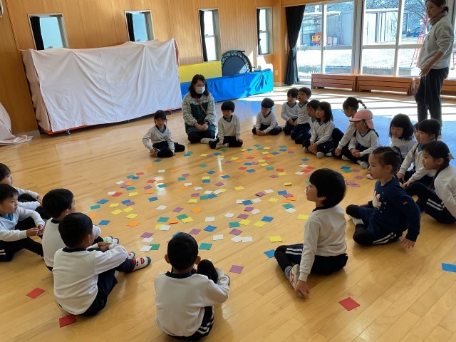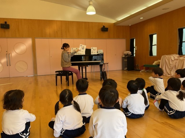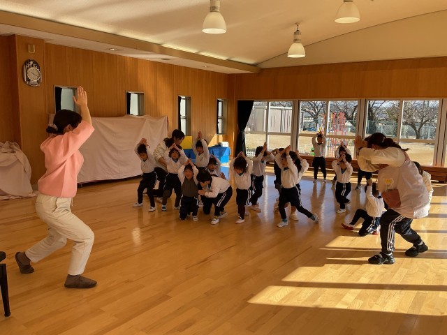 1月22日(木)・23日(水)に伊藤加奈子先生に来ていただき、3歳児みかん組・りんご組、4歳児すみれ組、5歳児ほし組がリトミックをしました。初めに曲に合わせて「♪てくてくてくてく あるいてきて~」と歩きます。「♪あくしゅで こんにちは~」と3歳児は前を向き加奈子先生に、4・5歳児は友達とペアになってごあいさつをしました。そのほかにも、ピアノの音によって歩き方を変えたり、雪だるまや雪に変身したりなど・・・音をよく聴き分けて動いていました。また、四分音符・二分音符等の音符を犬・ぞうなどの鳴き声に見立て、身体を使いながらリズムを感じている姿も見られました。4・5歳児は、色のカードを使ってドレミの音階で遊びました。子どもたちは、よく音を聴いて体を動かしたり、リズムを感じたりしてとても楽しそうでした。
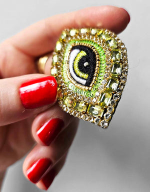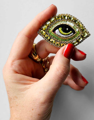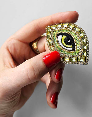 La Broche Œil Céleste est désormais un classique emblématique de la marque Céleste Mogador. Cet accessoire unique présente un œil finement brodé à la main avec des fils de soie colorés.
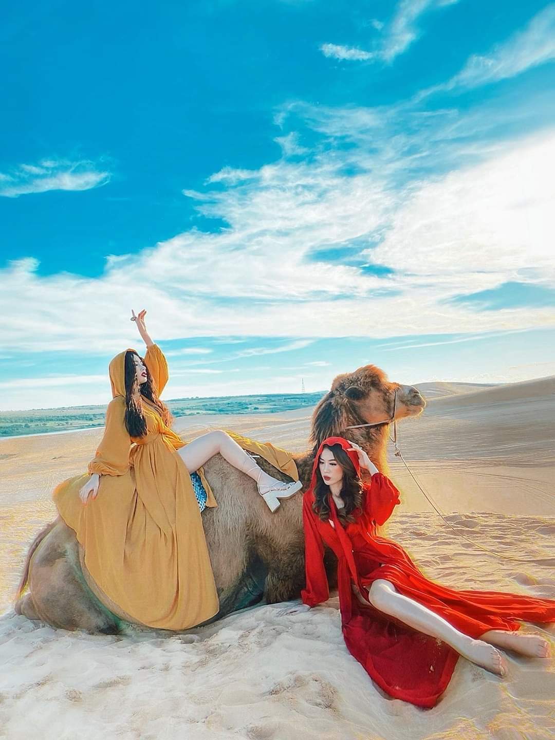 - Để chụp được những tấm ảnh đẹp bên chú lạc đà thì các bạn nên mặc những bộ đầm rộng, màu sắc tươi, hoặc màu trắng thì sẽ rất nổi bật. Nếu bạn không mang theo nhiều trang phục khi đi du lịch thì đến Mũi Né có thể liên hệ Ms Bình Yên để thuê đồ, tại đây cho thuê nhiều trang phục chụp ảnh sống ảo rất nổi bật.
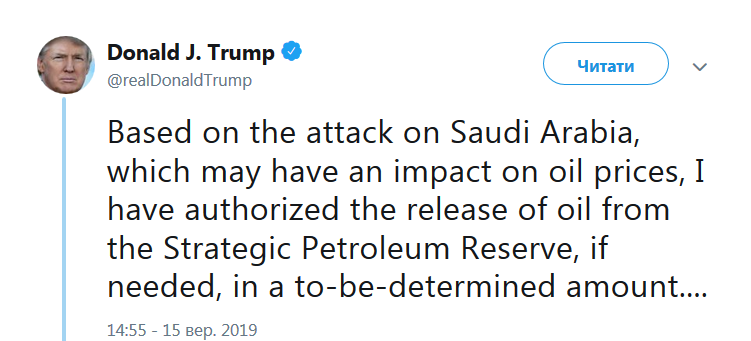 "В связи с нападением на Саудовскую Аравию, которое может оказать влияние на цен на нефть, я санкционировал выделение нефти из стратегического нефтяного резерва, если будет необходимость, в достаточном объеме для сдерживания рынка хорошо снабженным",- написал Трамп в своем Twitter.
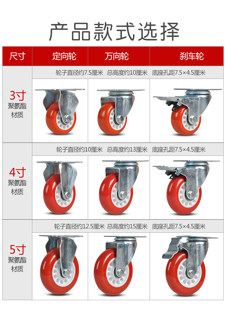 脚轮产品有轻型脚轮、中型脚轮、工业脚轮、减震脚轮、双刹脚轮、脚手架脚轮、重型超重型脚轮。
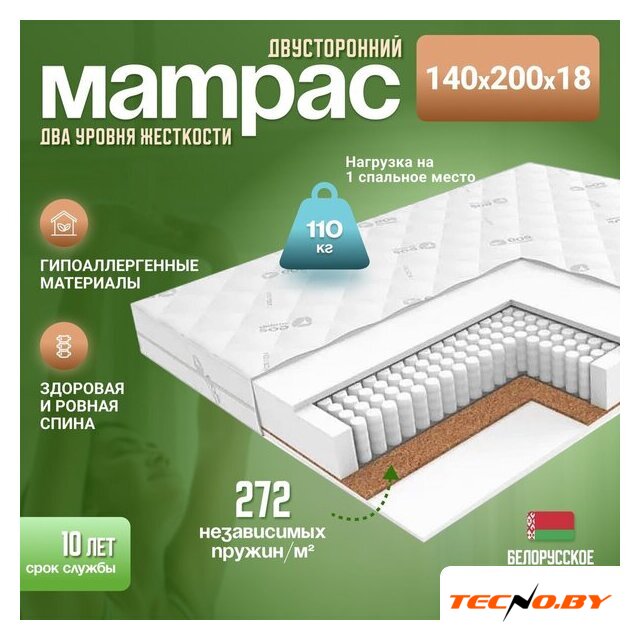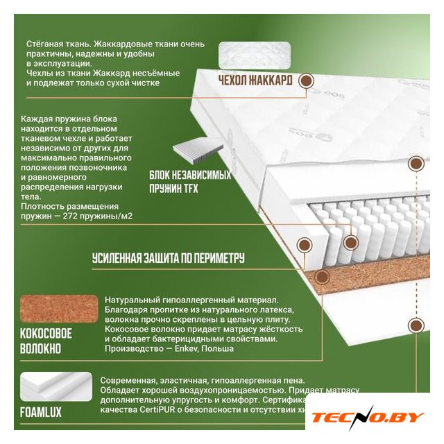 независимые пружины, TFK, 272 шт/м², кокосовая койра/пенополиуретан, жесткость: среднемягкий/средний, 110 кг/место, высота: 18 см, чехол: трикотажная ткань PREMIUM
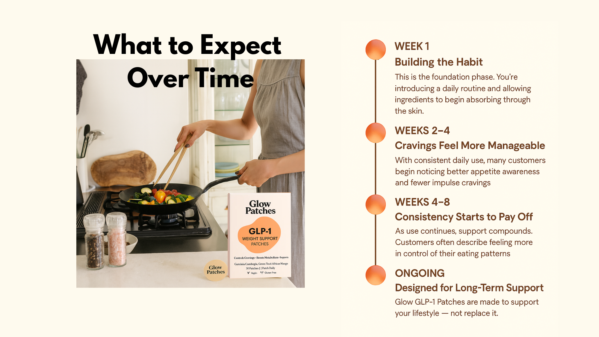 Glow GLP-1 Support Patches are designed to support your body’s natural appetite-regulation pathways, helping promote mindful eating, reduce everyday cravings, and support metabolic balance. Using a simple daily transdermal patch, this gentle, non-stimulant formula fits seamlessly into your routine—so you can feel more in control, consistent, and balanced throughout the day.
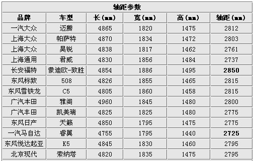 13款車(chē)型中,軸距最大的是蒙迪歐-致勝,能保證有寬大的空間;新邁騰和新帕薩特都經(jīng)過(guò)加長(zhǎng)的車(chē)型,滿(mǎn)足對(duì)空間的需求,尤其是邁騰解決上代車(chē)型的短板,昊銳相對(duì)來(lái)說(shuō)小些,保持原有設(shè)計(jì);君威的軸距參數(shù)并不突出,是因?yàn)樗途揭颉敖M合拳”所以只能讓位;標(biāo)致集團(tuán)的508和C5使用相同的平臺(tái),軸距參數(shù)比較客觀,但是由于后懸短所以不要對(duì)乘坐空間抱太多期望;雅閣就是號(hào)稱(chēng)自己是越級(jí)之作,超大的空間確實(shí)很實(shí)用;新凱美瑞軸距沒(méi)有變化,但是采用了后座和前排座位位移增加了些空間;天籟的乘坐空間在軸距就是銷(xiāo)量的今天只能說(shuō)基本夠用;睿翼不但軸距最短而且也是本場(chǎng)最靈活的中型車(chē),車(chē)長(zhǎng)僅4.7米;誕生同集團(tuán)的K5和索八使用相同的平臺(tái),但是K5長(zhǎng)度更大,主要是外形設(shè)計(jì)增加的長(zhǎng)度,2795的軸距能保證空間舒適性。
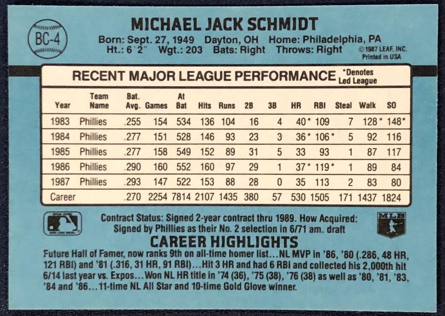 Lot 882 1988 DONRUSS MIKE SCHMIDT (HOF)
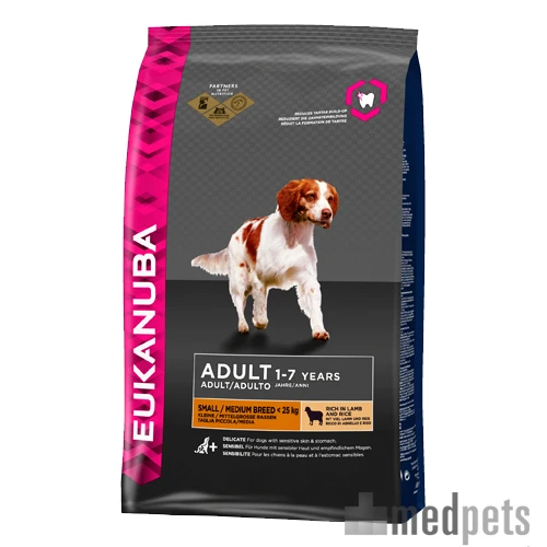 Eukanuba Dog Adult Small & Medium Breed is a dog food for small and medium-sized dogs (< 25 kg) aged 1 to 7. This food is mainly suitable for dogs with a sensitive stomach and skin. This dog food has a stimulating effect on your dog’s digestive system. What’s more, the minerals in this food prevent substances that can form tartar from attaching themselves to the teeth. This dog food also contributes to a healthy skin and a glossy coat. The dog food is available in 2.5 kg bags.
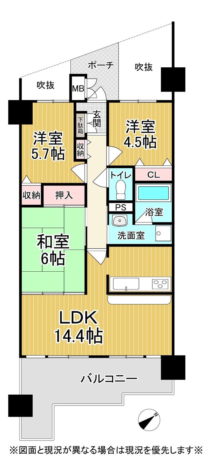 | 専有面積 | 壁芯 66.50㎡ | 所在階 | 15階建/5階部分 |
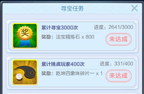 完成寻宝任务可获得大量物品奖励。
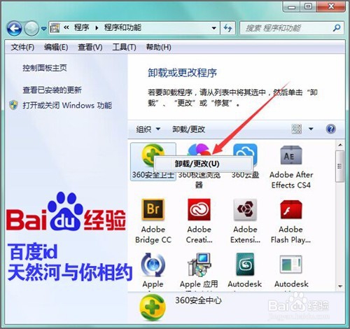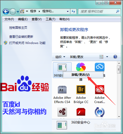 软件安装完成之后,我们再回到程序中的卸载程序界面,这时候在安全卫士的图标上点击右键,点击卸载,就可以弹出一个卸载的界面。如果我们不需要这个软件的话,就可以把这个软件进行一个卸载。
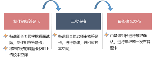 二:答題卡制作——為確保答題卡制作的準(zhǔn)確性,學(xué)校總結(jié)了一套“制作-核對(duì)-修改布置”的模式,由各學(xué)科組長(zhǎng)準(zhǔn)備月考試卷,并上傳至希沃易課堂,制成初版答題卡后,分享到校本空間;隨后由本學(xué)科其他教師進(jìn)行查看、核對(duì),如果有異常可以進(jìn)行二次修改并回傳校本空間;最后由備課組長(zhǎng)進(jìn)行終版修改,核對(duì)無誤后,統(tǒng)一布置。群策群力,讓每一位老師都有參與感,發(fā)揮集體力量。
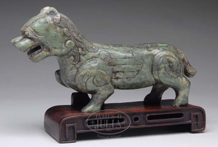 ORIENTAL CARVED JADE FIGURE OF A FANCIFUL WINGED CANINE. Depicted in an alert pose, right front paw raised with incised wings and flowing mane, baring teeth and mounted on a carved teak stand. PROVENANCE: Fine private Long Island, New York mansion. SIZE: Overall 9-1/2” h x 14-3/4” l 4” w. CONDITION: Minor chip/fracture to proper right ear tip, otherwise very good. 9-74998 SM (1,000-2,000)
+-------+
#### Work instructions:
Though the entries above contain pictures, none should be copied; reproduce only the lines between the one holding "13款車(chē)型中,軸距" and the one holding "二:答題卡制作——為確保答題", inclusive, exactly as written.

#### Answer to this exercise:
 13款車(chē)型中,軸距最大的是蒙迪歐-致勝,能保證有寬大的空間;新邁騰和新帕薩特都經(jīng)過(guò)加長(zhǎng)的車(chē)型,滿(mǎn)足對(duì)空間的需求,尤其是邁騰解決上代車(chē)型的短板,昊銳相對(duì)來(lái)說(shuō)小些,保持原有設(shè)計(jì);君威的軸距參數(shù)并不突出,是因?yàn)樗途揭颉敖M合拳”所以只能讓位;標(biāo)致集團(tuán)的508和C5使用相同的平臺(tái),軸距參數(shù)比較客觀,但是由于后懸短所以不要對(duì)乘坐空間抱太多期望;雅閣就是號(hào)稱(chēng)自己是越級(jí)之作,超大的空間確實(shí)很實(shí)用;新凱美瑞軸距沒(méi)有變化,但是采用了后座和前排座位位移增加了些空間;天籟的乘坐空間在軸距就是銷(xiāo)量的今天只能說(shuō)基本夠用;睿翼不但軸距最短而且也是本場(chǎng)最靈活的中型車(chē),車(chē)長(zhǎng)僅4.7米;誕生同集團(tuán)的K5和索八使用相同的平臺(tái),但是K5長(zhǎng)度更大,主要是外形設(shè)計(jì)增加的長(zhǎng)度,2795的軸距能保證空間舒適性。
 Lot 882 1988 DONRUSS MIKE SCHMIDT (HOF)
 Eukanuba Dog Adult Small & Medium Breed is a dog food for small and medium-sized dogs (< 25 kg) aged 1 to 7. This food is mainly suitable for dogs with a sensitive stomach and skin. This dog food has a stimulating effect on your dog’s digestive system. What’s more, the minerals in this food prevent substances that can form tartar from attaching themselves to the teeth. This dog food also contributes to a healthy skin and a glossy coat. The dog food is available in 2.5 kg bags.
 | 専有面積 | 壁芯 66.50㎡ | 所在階 | 15階建/5階部分 |
 完成寻宝任务可获得大量物品奖励。
 软件安装完成之后,我们再回到程序中的卸载程序界面,这时候在安全卫士的图标上点击右键,点击卸载,就可以弹出一个卸载的界面。如果我们不需要这个软件的话,就可以把这个软件进行一个卸载。
 二:答題卡制作——為確保答題卡制作的準(zhǔn)確性,學(xué)校總結(jié)了一套“制作-核對(duì)-修改布置”的模式,由各學(xué)科組長(zhǎng)準(zhǔn)備月考試卷,并上傳至希沃易課堂,制成初版答題卡后,分享到校本空間;隨后由本學(xué)科其他教師進(jìn)行查看、核對(duì),如果有異常可以進(jìn)行二次修改并回傳校本空間;最后由備課組長(zhǎng)進(jìn)行終版修改,核對(duì)無誤后,統(tǒng)一布置。群策群力,讓每一位老師都有參與感,發(fā)揮集體力量。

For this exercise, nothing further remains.